Preparing For The Cashless Transition
Most western nations will soon adopt digital currency. Already, more than 80% of day-to-day transactions in the First World are settled with debit cards, credit cards, PayPal, or checks. In Europe, the use of the EC card—a sort of interbank debit card—has become ubiquitous. Going “cashless” is the Big Trend.
With the now widespread use of smart phones, payment for many small transactions is as simple as just waving a phone at the checkout counter. (This is a so-called “contactless” or “mobile wallet” purchase.) Mobile wallets, such as Apple Pay, Google Pay, and Samsung Pay, are catching on rapidly. So rapidly, in fact, that some urbanites no longer carry any cash. At many stores, kiosks, and even restaurants this will likely become obligatory in the next few years. No smartphone? Sorry, “No soup for you!”

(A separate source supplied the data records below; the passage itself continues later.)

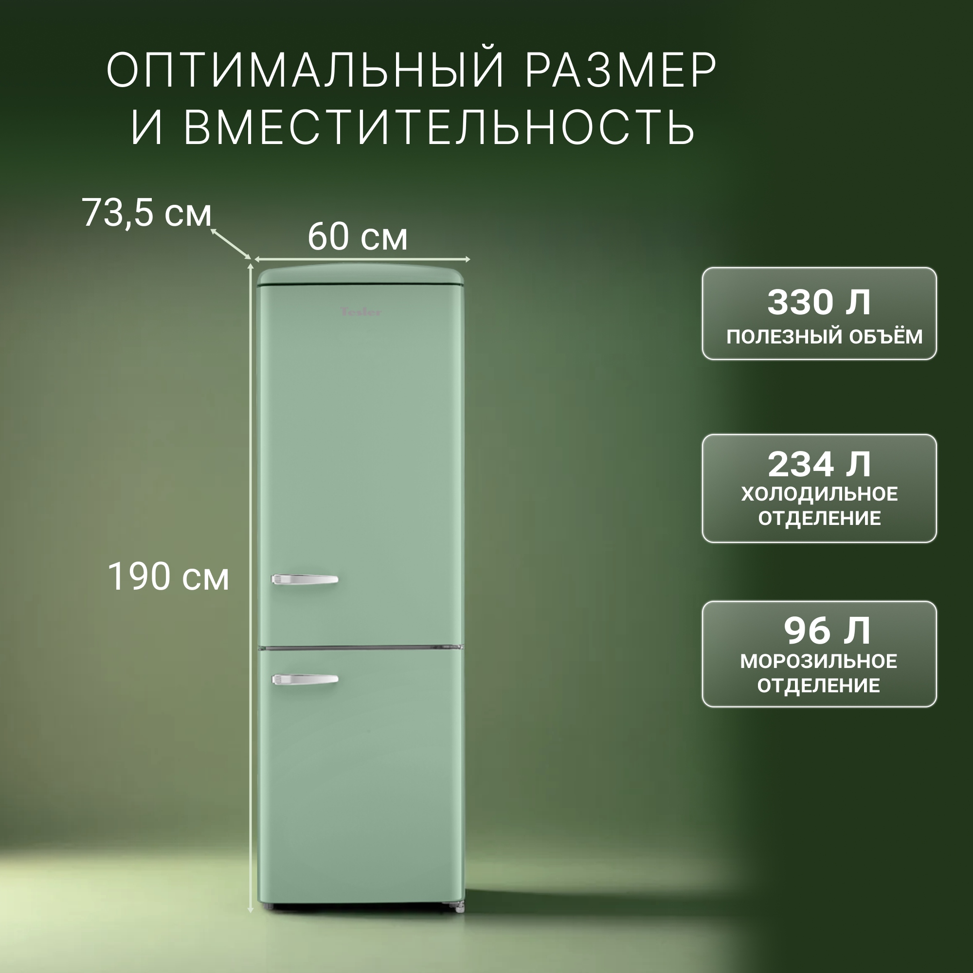 Ретро-холодильник Tesler RB-335 - это гармония эстетики и инноваций. Он создан для тех, кто ценит выразительный дизайн и современные технологии в равной степени. Стиль 60-х, проработанные детали и актуальный функционал делают эту модель идеальным выбором для интерьеров, где важны и форма и содержание.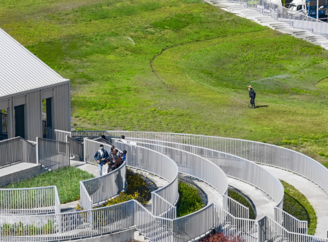 在建設(shè)空間設(shè)計(jì)上,項(xiàng)目將市場與公共綠地完美融合,摒棄了傳統(tǒng)菜市場簡單金屬棚的形式,屋頂打造為被草地和花田覆蓋的公園。建筑呈現(xiàn)為一個(gè)簡單的開放式結(jié)構(gòu),起伏的綠色屋頂猶如延綿的山丘,屋頂?shù)臇|側(cè)角落是一塊種植著繽紛植物和花卉的階梯狀區(qū)域,屋頂從該側(cè)向下延伸至地面,使游客可以輕松到達(dá)建筑頂端。在建筑的側(cè)面,一個(gè)簡單的四層結(jié)構(gòu)容納了市場的行政辦公室和展覽中心,后者可用于展示當(dāng)?shù)氐霓r(nóng)業(yè)產(chǎn)品。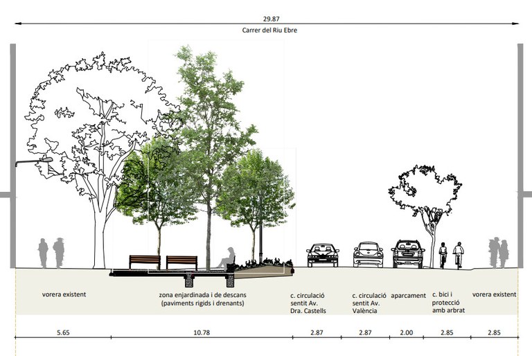 Pel que fa al projecte de Riu Ebre, s’actuarà entre la rambla Doctora Castells i l’avinguda de València, on es crearà un gran passeig verd de més de deu metres d’ample, a la part que correspon a la vorera dels números imparells, incloent la placeta del xamfrà entre Riu Ebre i Doctora Castells. S’eliminarà, doncs, l’asfalt de bona part del carrer i s’hi plantaran 48 arbres i tres mil plantes arbustives, per a promoure el pas de vianants i combatre l’efecte d’illa de calor que fa el paviment.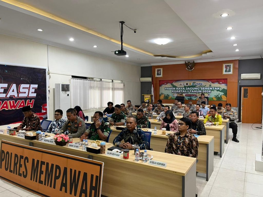 Mempawah- Polres Mempawah mengikuti kegiatan Zoom Meeting dan Panen Raya Jagung Serentak Kuartal I Tahun 2026 yang digelar secara nasional, Kamis, 8 Januari 2025, bertempat di Ruang Rupatama Polres Mempawah. Kegiatan ini menjadi bagian dari komitmen Polri dalam mendukung program Swasembada Pangan Nasional, khususnya komoditas jagung.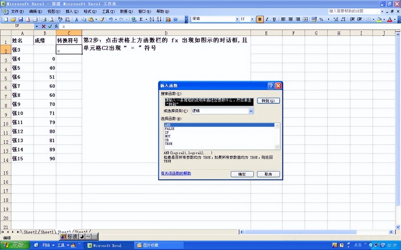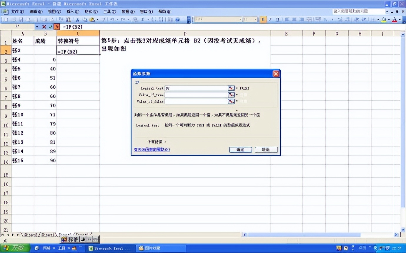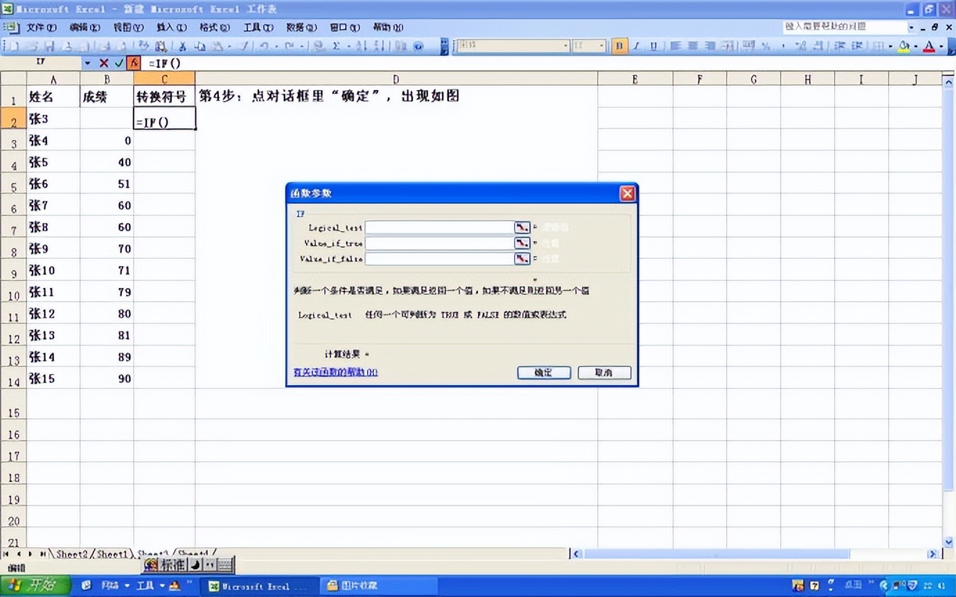 不少的统计工作要求把不同分数段转换成等级或其他代号。这时可以利用IF(逻辑判断)函数来实现。IF函数由条件、判断值、否则这3项构成,分别在函数对话框的三行里输入。可连续关联判断7次。比如,要把80-100转换成优秀,70-79转换成良好,60-69转换成合格,59以下为不合格(含无分数的单元格)。IF函数的判断过程如下,1、大于或等于80为优秀,否则转入下一判断,而下一判断的样本中是已经剔除了80分以上的,如此类推。最后一次判断是:大于或等于60为合格,否则为不合格。下面通过图片来说明操作过程。
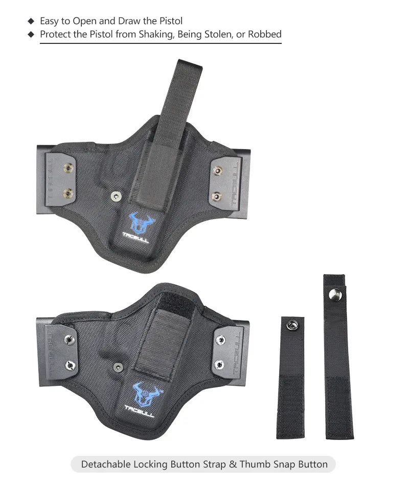 - (4) The detachable locking button strap protects the pistol from shaking, being stolen, or robbed and the thumb snap button allows you to open and draw the gun with one thumb finger.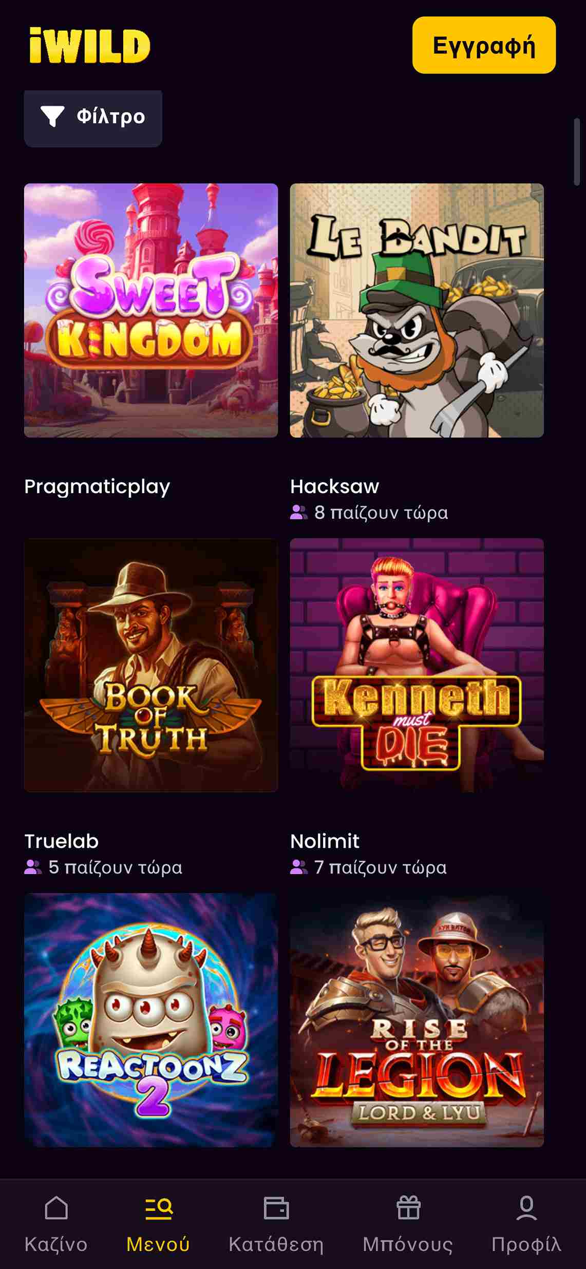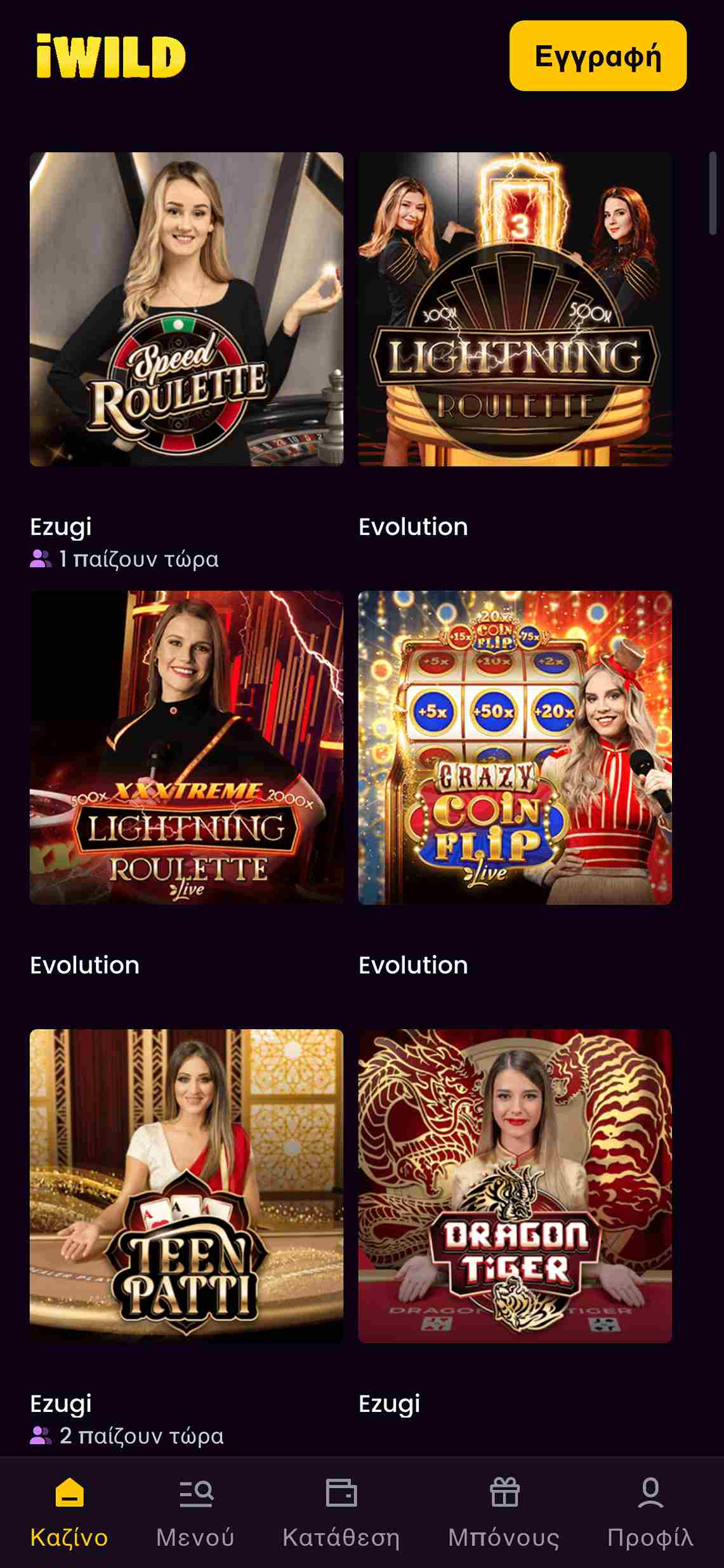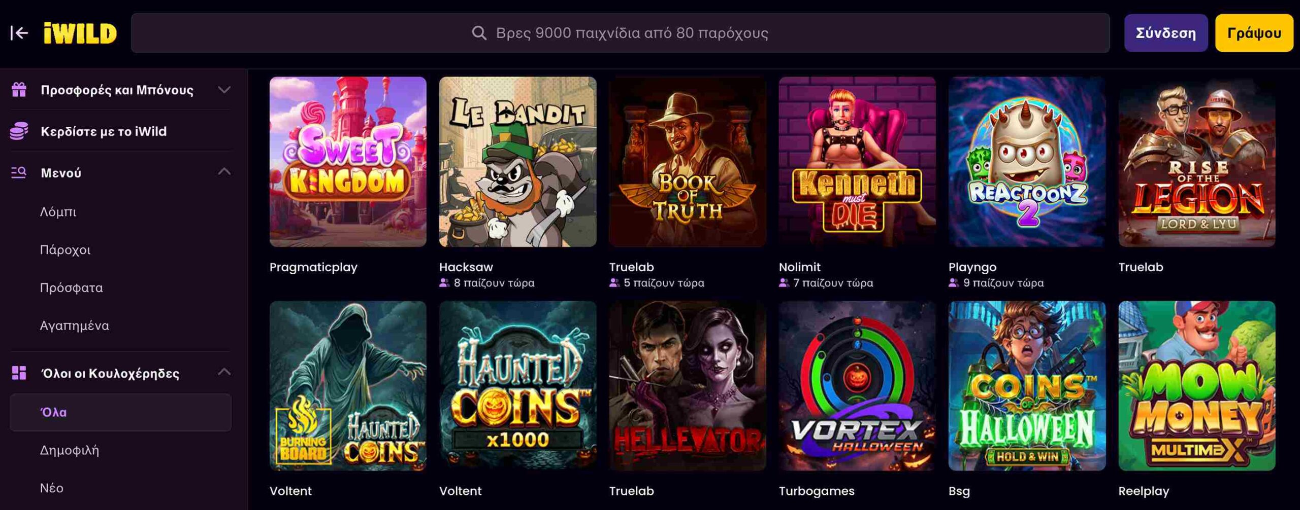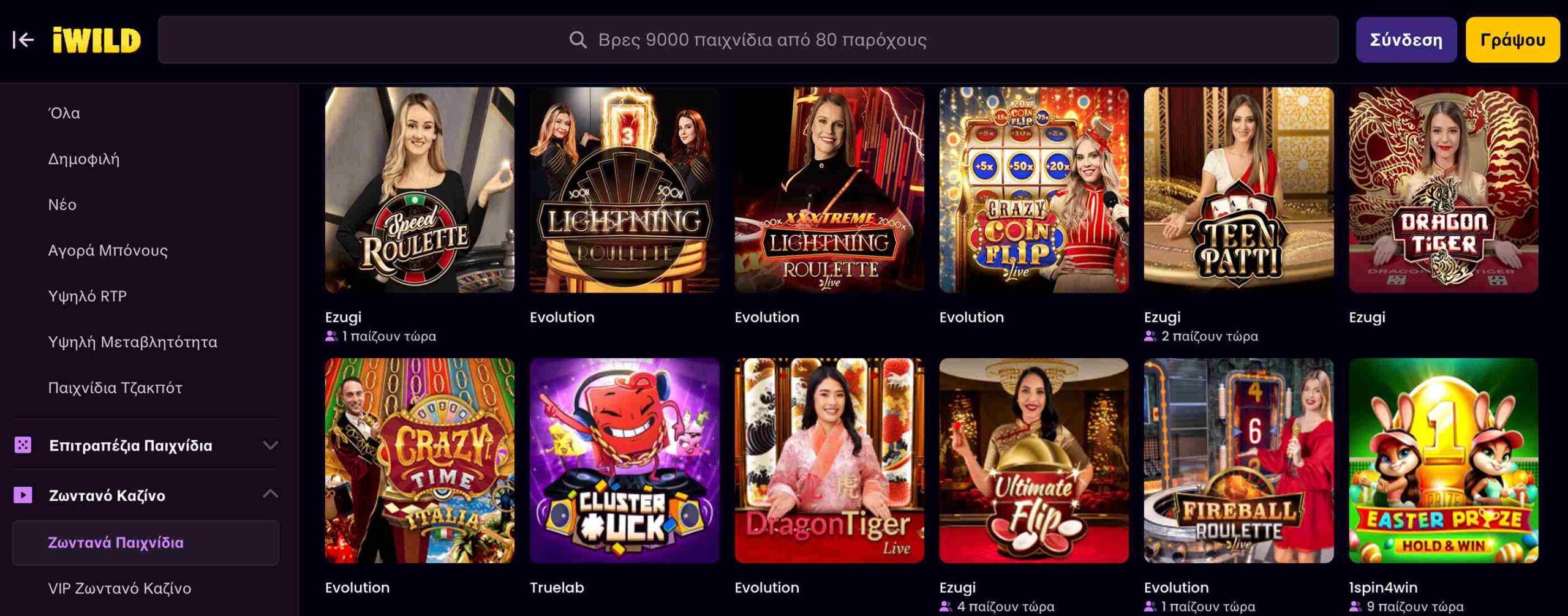 Στο καζίνο του iWild σας περιμένουν πάνω από 9.000 επιλογές σε διάφορα παιχνίδια, από κουλοχέρηδες μέχρι crash games, επιτραπέζια RNG, αλλά και τίτλους απέναντι σε πραγματικούς κρουπιέρηδες.

From Voluntary to Mandatory
Whether it takes five years or just a year, the end of cash—or at least cash as we know it–is coming. The transition from the convenience of electronic commerce to the requirement for electronic commerce will be a Sea Change event. For those of us who live in remote areas beyond cell phone coverage, this change will be a troublesome hindrance. Other than writing checks, how will we be able to buy and sell things, especially with other private parties?
But for all Americans, going cashless will remove the last bastion of our privacy. Paying in cash provides anonymity for purchases. Adopting electronic-only currency will be a big change. Every transaction will be positively tallied and tracked for both the seller and the buyer.
Ominously, the push for going digital is coming just as hacking and identity theft is reaching pandemic proportions. The prospect of being forced to put your liquid net worth into digital bucks and then seeing them wiped out is quite frightening.
The Digital Currency, Around the World
There is already a war on cash in progress. And this isn’t just something in the realm of foreign headlines. There is a war on cash here in the United States. And a rapidly-growing number of countries are nearly ready to switch to digital currencies. Here is a brief summary:
Norway is on a similar trajectory. In Norway, only about 5% of retail transactions are now paid for in cash. Some recent reports have mentioned that Norway may drop the use of folding money and coins as soon as 2019.
In France the cashless move has been slower than in Scandinavia but still relatively rapid. In addition to now widespread use of cash cards and debit cards, contactless devices and digital wallets (such as mPOS) are catching on.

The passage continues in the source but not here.